Understanding the errors bucket in the Snowplow Enrichment process


#1

Hi,

I would like to understand the snowplow enrichment process in case of enrichment for bad and error folder logs.As per my understanding , all the raw logs go through validations and parsing , so in case of issues the raw logs are directed to enrich/bad folder and shredded/bad folder. But sometimes I even face the issue when the enrichment job has failed and all the raw logs were in enrich/error or shredded/error. So what I want to understand is what are the possible causes that raw logs result into error. Also I tried looking at the Job logs to find any logs which could help me in finding the cause of the issue but could not find any log showing that the possible issue with the step failure. Please let me know the steps to find out the issue in case of enrichment job failure.

Thanks,
Shilpi Singh


#2

Hi Shilpi,

It’s a good question. enriched/bad is generated by the Snowplow Enrichment process itself - we have total control over this output, and try to make it as detailed and actionable as possible. Reading the error messages attached to the raw events, it should be possible to understand what has gone wrong in your source events, and how you can resolve it (e.g. if/how you can run Hadoop Event Recovery).

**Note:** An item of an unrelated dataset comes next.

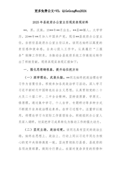 【七哥公文】2025年:2025年县政府办公室主任现实表现材料+更多免费公文+VX:QiGeGongWen2024+更多免费公文+VX:QiGeGongWen2024

By contrast, enriched/errors is a built-in feature of Cascading, the Hadoop ETL pipeline that we use under the hood in the Snowplow Hadoop Enrichment process. What we call enriched/errors and continue_on_unexpected_error, Cascading calls the “failure trap”. Any source event which throws an uncaught exception during the Hadoop processing will be safely routed to the failure trap.

Unfortunately, Cascading’s failure trap only includes the source rows - it doesn’t record the uncaught exception in any way. This makes it difficult to investigate what is going on. One workaround is:

  1. Download a source event from enriched/errors
  2. Replace the input the job tests in the Hadoop Enrich test suite with the event from #1 (e.g. this line here)
  3. Disable the error trap here
  4. Run the test
  5. Observe what exception is thrown

Hope this helps!